How can the coefficients \(c_i\), \(i=1,...,n\) be obtained efficiently? It turns out that

$$ c_i = - \frac{\mathrm{tr}(AP_i)}{i}, \quad i=1,...n. $$

Putting all things together, the following algorithm, known as the Faddeev-LeVerrier algorithm [1, 2] and presented in Sect. 5.5, efficiently computes the coefficients \(c_i\), \(i=1,...,n\), of the characteristic polynomial of A.

Algorithm 10.1.1

Given a nonsingular matrix \(A \in \mathbb {C}^{n \times n}\), this algorithm computes the coefficients \(c_i\), \(i=1,...,n\), of its characteristic polynomial (10.1.1) and its inverse \(A^{-1}\).

  1. 1.

    \(P_0 = \mathrm{O}\); \(c_0 = 1\);

  2. 2.

    for \(i=1\) to n

    • \(P_i = AP_{i-1} + c_{i-1} I\);

    • \(c_i = -\mathrm{tr}(AP_i) / i\);

  3. 3.

    \(A^{-1} = -c_n^{-1} P_n = (-1)^{n-1} P_n / \det (A)\);

As pointed out in Sect. 5.5, Decell generalized the above algorithm to general scalar matrices and the Moore-Penrose inverse [3]. Let \(B = AA^*\) and

$$\begin{aligned} f( \lambda ) = \det (\lambda I - B) = a_0 \lambda ^n + a_1 \lambda ^{n-1} + \cdots + a_{n-1} \lambda + a_n, \quad a_0 = 1, \end{aligned}$$
(10.1.2)

be the characteristic polynomial of B. If \(k>0\) is the largest integer such that \(a_k \ne 0\), then the Moore-Penrose inverse of A is given by

$$ A^{\dagger } = -a_k^{-1} A^* (B^{k-1} + a_1 B^{k-2} + \cdots + a_{k-1} I). $$

If \(k=0\) is the largest integer such that \(a_k \ne 0\), that is, \(a_0\) is the only nonzero coefficient, then \(A^{\dagger } = \mathrm{O}\).
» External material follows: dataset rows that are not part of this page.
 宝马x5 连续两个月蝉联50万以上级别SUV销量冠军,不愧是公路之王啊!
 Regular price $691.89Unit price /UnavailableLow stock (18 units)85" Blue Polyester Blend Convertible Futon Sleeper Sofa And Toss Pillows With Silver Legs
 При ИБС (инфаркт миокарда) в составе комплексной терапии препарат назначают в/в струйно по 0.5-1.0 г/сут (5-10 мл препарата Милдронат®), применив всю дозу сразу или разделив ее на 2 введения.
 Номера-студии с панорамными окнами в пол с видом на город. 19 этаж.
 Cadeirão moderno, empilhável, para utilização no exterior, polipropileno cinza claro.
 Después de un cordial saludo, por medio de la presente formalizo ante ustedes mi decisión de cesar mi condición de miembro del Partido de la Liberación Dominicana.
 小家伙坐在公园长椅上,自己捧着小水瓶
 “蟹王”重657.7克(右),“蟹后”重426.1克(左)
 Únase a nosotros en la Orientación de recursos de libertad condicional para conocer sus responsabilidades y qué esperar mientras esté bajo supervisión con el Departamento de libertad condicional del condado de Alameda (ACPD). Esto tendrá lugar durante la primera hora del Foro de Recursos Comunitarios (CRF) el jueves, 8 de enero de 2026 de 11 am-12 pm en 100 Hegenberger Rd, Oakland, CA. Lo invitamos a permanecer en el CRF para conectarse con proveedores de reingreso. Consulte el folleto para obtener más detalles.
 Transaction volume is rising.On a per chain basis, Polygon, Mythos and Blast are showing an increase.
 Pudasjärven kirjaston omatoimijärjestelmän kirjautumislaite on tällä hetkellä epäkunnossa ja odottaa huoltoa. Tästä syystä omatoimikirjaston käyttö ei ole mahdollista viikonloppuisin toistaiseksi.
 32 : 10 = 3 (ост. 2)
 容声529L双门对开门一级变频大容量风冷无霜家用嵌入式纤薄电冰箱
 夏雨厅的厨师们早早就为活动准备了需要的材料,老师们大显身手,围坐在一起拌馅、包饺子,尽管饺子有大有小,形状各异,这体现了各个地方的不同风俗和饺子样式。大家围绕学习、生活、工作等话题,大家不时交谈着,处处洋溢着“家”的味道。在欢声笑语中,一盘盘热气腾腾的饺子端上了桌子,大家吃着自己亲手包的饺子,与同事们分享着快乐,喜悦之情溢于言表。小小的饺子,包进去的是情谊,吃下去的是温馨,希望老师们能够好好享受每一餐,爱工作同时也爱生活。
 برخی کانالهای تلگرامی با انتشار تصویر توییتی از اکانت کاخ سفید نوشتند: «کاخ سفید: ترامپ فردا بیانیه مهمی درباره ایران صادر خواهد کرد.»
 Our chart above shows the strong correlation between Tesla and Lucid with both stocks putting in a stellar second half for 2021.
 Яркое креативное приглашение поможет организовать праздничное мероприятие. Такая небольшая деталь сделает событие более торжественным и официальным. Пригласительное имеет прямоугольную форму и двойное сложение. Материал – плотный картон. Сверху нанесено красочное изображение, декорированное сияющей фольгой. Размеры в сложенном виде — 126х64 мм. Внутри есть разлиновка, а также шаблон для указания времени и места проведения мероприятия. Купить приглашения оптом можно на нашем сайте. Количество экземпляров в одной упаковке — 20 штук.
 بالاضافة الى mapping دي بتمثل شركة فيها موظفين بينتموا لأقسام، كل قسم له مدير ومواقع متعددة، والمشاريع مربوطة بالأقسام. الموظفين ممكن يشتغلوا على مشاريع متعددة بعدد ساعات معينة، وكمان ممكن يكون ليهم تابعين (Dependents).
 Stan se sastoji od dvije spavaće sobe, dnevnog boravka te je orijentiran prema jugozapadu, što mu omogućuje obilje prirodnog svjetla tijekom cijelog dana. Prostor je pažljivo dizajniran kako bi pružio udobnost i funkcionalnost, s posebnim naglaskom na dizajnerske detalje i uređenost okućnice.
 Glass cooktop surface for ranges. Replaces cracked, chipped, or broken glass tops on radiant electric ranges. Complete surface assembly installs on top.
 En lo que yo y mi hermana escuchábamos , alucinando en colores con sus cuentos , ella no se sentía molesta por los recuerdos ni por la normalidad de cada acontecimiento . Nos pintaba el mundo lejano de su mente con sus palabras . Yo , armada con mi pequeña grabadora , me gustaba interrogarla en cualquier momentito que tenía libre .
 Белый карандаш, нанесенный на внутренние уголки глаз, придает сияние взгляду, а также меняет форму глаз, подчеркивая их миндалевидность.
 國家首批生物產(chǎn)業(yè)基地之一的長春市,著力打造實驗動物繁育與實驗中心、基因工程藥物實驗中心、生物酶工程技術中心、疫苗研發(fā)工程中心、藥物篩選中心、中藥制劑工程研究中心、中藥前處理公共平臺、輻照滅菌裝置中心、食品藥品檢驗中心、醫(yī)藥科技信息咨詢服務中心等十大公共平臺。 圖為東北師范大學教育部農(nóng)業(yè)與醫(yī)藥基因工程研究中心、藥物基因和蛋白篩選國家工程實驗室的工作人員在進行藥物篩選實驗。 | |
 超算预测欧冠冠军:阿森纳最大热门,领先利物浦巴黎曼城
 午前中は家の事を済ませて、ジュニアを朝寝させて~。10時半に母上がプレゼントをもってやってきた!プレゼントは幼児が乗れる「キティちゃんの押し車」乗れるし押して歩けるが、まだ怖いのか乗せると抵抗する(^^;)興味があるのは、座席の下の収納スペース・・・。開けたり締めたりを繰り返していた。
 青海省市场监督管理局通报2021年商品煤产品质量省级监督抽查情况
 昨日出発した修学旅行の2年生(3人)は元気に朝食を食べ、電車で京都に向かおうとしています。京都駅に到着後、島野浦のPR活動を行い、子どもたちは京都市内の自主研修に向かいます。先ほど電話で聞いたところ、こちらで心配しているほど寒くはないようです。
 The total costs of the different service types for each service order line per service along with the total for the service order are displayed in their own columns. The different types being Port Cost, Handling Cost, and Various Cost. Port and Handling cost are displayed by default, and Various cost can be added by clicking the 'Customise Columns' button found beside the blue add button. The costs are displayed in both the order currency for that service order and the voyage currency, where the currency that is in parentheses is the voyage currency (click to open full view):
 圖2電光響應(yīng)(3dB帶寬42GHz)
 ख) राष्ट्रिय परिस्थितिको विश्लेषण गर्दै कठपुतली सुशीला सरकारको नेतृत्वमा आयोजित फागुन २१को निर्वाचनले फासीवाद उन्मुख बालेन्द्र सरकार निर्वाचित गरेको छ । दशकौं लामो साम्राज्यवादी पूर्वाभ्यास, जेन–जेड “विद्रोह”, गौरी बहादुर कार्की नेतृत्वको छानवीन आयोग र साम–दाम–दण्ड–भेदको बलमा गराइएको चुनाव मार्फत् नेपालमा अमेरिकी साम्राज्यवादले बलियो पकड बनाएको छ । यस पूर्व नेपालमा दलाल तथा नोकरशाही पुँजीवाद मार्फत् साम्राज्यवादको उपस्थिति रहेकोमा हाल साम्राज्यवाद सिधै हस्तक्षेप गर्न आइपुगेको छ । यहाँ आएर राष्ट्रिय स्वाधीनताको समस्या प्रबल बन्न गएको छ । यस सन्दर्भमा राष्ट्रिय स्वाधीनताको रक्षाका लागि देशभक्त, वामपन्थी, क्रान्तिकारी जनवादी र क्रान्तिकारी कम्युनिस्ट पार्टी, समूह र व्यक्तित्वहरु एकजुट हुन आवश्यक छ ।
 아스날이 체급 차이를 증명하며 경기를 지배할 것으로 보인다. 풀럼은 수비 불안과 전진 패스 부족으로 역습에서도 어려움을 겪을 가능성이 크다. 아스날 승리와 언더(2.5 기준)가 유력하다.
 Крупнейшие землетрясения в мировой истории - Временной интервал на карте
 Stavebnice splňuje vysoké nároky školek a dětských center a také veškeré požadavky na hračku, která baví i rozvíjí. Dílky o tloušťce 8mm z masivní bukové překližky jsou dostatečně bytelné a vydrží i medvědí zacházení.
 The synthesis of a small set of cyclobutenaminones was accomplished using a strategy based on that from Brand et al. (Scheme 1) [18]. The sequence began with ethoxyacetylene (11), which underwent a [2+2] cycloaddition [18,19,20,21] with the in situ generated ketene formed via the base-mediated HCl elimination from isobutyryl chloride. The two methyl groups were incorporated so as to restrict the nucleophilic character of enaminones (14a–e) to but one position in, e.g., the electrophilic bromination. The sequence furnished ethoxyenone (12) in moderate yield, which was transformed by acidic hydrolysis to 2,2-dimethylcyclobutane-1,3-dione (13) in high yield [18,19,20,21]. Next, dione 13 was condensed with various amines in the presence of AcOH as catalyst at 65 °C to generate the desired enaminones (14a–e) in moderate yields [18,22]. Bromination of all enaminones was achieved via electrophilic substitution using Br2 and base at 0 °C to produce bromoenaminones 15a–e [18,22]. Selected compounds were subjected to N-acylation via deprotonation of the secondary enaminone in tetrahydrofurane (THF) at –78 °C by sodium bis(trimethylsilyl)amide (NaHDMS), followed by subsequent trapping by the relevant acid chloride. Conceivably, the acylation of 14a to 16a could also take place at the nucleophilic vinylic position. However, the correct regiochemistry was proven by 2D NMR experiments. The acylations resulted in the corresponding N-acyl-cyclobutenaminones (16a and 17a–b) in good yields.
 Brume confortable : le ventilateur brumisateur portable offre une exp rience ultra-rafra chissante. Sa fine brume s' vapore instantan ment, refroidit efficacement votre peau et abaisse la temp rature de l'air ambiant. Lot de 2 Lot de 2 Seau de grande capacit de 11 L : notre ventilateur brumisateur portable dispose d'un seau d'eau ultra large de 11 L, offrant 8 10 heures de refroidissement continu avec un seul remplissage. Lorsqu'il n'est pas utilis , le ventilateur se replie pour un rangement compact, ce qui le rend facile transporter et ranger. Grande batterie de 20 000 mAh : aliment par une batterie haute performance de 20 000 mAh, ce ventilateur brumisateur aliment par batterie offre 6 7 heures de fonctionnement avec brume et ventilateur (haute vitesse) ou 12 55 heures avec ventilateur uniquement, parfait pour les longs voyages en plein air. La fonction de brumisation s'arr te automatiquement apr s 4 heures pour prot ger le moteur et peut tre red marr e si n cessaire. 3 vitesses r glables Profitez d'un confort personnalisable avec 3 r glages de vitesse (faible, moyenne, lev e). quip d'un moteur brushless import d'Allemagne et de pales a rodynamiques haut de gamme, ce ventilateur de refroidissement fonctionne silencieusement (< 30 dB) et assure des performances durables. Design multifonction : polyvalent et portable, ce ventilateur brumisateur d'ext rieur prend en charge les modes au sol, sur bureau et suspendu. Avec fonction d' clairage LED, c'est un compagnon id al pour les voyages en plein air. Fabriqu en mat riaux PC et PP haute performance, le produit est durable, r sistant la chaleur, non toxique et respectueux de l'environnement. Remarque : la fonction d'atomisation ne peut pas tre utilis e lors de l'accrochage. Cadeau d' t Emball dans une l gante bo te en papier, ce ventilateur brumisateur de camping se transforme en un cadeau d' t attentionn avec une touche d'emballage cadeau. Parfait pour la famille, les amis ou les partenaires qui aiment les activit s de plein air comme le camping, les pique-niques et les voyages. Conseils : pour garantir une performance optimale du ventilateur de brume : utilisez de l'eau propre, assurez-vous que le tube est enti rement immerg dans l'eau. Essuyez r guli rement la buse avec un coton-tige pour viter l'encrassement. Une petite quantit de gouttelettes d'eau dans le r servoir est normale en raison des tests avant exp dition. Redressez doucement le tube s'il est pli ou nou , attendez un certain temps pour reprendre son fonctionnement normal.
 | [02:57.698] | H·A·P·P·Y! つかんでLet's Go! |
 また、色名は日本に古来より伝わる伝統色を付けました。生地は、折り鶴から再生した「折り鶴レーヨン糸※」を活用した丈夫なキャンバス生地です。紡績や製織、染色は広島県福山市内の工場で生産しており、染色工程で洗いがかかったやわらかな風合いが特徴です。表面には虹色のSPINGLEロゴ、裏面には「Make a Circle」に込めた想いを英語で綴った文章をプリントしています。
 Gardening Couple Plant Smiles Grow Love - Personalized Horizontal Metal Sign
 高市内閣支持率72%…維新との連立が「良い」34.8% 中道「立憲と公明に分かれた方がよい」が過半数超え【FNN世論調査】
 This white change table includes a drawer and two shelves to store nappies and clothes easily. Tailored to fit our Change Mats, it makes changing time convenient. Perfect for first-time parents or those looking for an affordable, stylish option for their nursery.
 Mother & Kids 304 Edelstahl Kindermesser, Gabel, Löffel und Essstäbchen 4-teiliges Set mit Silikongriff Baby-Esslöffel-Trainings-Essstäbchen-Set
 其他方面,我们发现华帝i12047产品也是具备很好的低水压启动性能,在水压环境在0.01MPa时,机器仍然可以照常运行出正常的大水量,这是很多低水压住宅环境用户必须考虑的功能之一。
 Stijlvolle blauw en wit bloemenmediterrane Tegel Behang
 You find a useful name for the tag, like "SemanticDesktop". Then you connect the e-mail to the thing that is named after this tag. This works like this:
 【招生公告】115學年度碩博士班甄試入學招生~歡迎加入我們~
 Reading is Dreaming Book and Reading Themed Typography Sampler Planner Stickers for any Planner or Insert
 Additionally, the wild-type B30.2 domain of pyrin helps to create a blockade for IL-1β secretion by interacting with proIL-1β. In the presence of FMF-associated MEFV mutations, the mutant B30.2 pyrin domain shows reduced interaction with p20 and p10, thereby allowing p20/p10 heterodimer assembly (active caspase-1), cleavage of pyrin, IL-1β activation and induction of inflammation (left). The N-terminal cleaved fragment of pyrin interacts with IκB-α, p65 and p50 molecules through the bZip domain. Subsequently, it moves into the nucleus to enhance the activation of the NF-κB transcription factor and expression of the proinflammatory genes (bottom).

Analogous to Algorithm 10.1.1, the following Decell’s algorithm computes \(A^{\dagger }\).

Algorithm 10.1.2

[3] Given \(A \in \mathbb {C}^{m \times n}\) and k the largest integer such that \(a_k\) in (10.1.2) is nonzero, this algorithm computes the Moore-Penrose inverse of A.

  1. 1.

    if \(k=0\) return \(A^{\dagger } = \mathrm{O}\);

  2. 2.

    \(B = AA^*\);

  3. 3.

    \(P_0 = \mathrm{O}\); \(A_0 = \mathrm{O}\); \(a_0 = 1\);

  4. 4.

    for \(i=1\) to k

    • \(P_i = A_{i-1} + a_{i-1} I\);

    • \(A_i = BP_i\);

    • \(a_i = -\mathrm{tr}(A_i) / i\);

  5. 5.

    \(A^{\dagger } = -a_k^{-1} A^* P_k\);

In the following sections, we generalize the above algorithm to polynomial matrices and their generalized inverses.

10.2 Moore-Penrose Inverse of a Polynomial Matrix

The definition of the Moore-Penrose inverse of a polynomial matrix is the same as the scalar case, that is, it is the polynomial matrix satisfying the four Penrose conditions.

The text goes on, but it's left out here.